Depuis plusieurs semaines, des vidéos montrant des élus locaux en pleine altercation, s’insultant ou en venant parfois aux mains durant les sessions communales, sont largement diffusées sur les réseaux sociaux. 

 

Entre celui qui se plaint que les autres élus n’aient pas partagé avec lui l’argent de la collectivité locale, et celui qui demande que son fils soit embauché, nombreux sont ceux qui en viennent aux mains et aux insultes. Les vidéos ci-dessus ne sont qu’un petit aperçu des nombreux enregistrements qui montrent la réalité de la gestion locale.

Bien que le phénomène ne soit pas nouveau, il suscite un intérêt particulier, et nombre de personnes analysent ces scènes pour tenter d’en comprendre les causes. Beaucoup en arrivent à conclure que ces comportements sont le reflet du profil de certains élus qui accèdent à ces postes de responsabilité.

Face à ce constat, des voix s’élèvent pour réclamer une révision de la loi encadrant l’élection des membres des conseils des collectivités territoriales. L’objectif étant de renforcer la qualité de la représentation locale, d’introduire des critères de compétence ou encore de mieux encadrer l’accès aux mandats locaux.

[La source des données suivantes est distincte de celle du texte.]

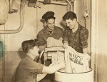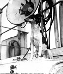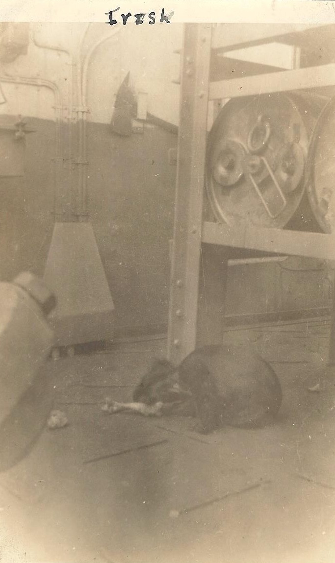 (HM06) Irish - mascot of HMCS LONG BRANCH K487 (HM07) Unknown officer with ship's mascot Irish on HMCS LONG BRANCH K487 (HM08) Dhobey (Laundry) day aboard HMCS LONG BRANCH K487. Webmaster's note: These sailors look a little too happy doing laundry. It appears to be a public relations "staged" photo.
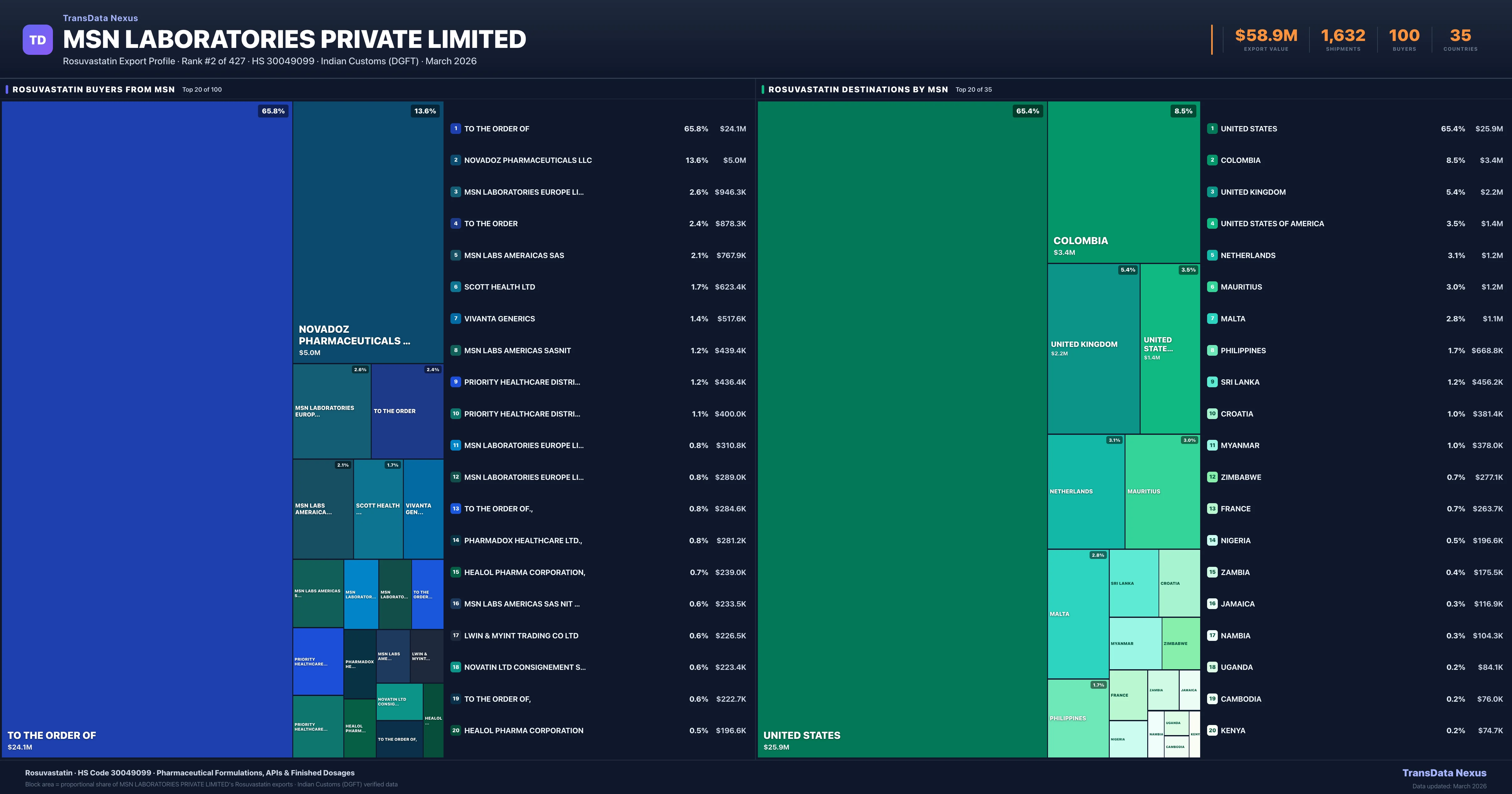 - 4.Verified Records: This page is backed by 1,632 individual customs records matching MSN Laboratories Private Limited exporting Rosuvastatin, covering 600 formulations to 35 countries via 100 buyers.

Pour l’heure, cette loi n’est pas incluse dans la réforme électorale en cours, puisque les prochaines élections communales ne sont pas prévues en 2026. Mais rien n’empêche une révision avant l’échéance de 2027, à l’image de ce qui est actuellement envisagé pour les législatives.

En attendant, voici ce que prévoit la législation en vigueur concernant les élus locaux.

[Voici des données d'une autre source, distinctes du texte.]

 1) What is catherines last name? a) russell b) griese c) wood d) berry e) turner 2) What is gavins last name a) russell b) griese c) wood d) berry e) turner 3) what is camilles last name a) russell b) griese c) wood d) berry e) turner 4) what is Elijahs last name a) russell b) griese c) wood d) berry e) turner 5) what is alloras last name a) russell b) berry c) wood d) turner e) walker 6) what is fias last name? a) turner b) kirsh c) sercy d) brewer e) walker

Peu de critères de sélection

La loi actuelle fixe quelques conditions d’éligibilité pour pouvoir se présenter aux élections des conseils communaux et régionaux. Elle définit également une série de situations d’inéligibilité et d’incompatibilité.

Pour être éligible à la candidature, l’article 3 de la loi 59-11 (dont certaines dispositions ont été révisées par la loi 06-21), indique qu’il faut simplement « être électeur et jouir de ses droits civils et politiques« .

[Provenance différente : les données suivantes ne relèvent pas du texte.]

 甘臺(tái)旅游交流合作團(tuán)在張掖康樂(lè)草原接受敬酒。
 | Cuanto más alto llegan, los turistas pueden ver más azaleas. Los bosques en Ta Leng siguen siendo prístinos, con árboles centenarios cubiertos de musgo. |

Par ailleurs, sont inéligibles, selon les articles 5 et 6 :

  • Les Marocains résidant à l’étranger investis de mission gouvernementale, élective ou publique dans le pays de résidence ;
  • Les naturalisés marocains au cours des cinq dernières années suivant leur naturalisation ;
  • Les personnes ayant fait l’objet d’une décision de révocation de leur mandat devenue définitive en vertu d’un jugement ayant acquis la force de la chose jugée ;
  • Les personnes qui ne remplissent plus une ou plusieurs conditions requises pour être électeurs ;
  • Les personnes exerçant certaines fonctions ou ayant cessé de les exercer depuis moins d’un an à la date fixée pour le scrutin. Il s’agit, entre autres, des magistrats, y compris ceux de la Cour des comptes et ceux des cours régionales des comptes, les inspecteurs des finances et de l’intérieur, les membres des FAR et les agents de la Force publique etc. ;
  • Les personnes condamnées par un jugement ayant acquis la force de la chose jugée à une peine d’emprisonnement ferme ou avec sursis, quelle qu’en soit la durée pour des faits précis ;
  • Etc.

Sur le papier, le texte assure donc un filtre juridique destiné à garantir une certaine probité des élus. Mais pour de nombreux observateurs, ce dispositif reste largement insuffisant.

La loi ne fixe aucune exigence en matière de niveau d’instruction, aucun critère de compétence technique, administrative ou managériale, et ne tient pas compte de la réputation ou du comportement public des candidats, dès lors qu’ils n’ont pas été condamnés par la justice.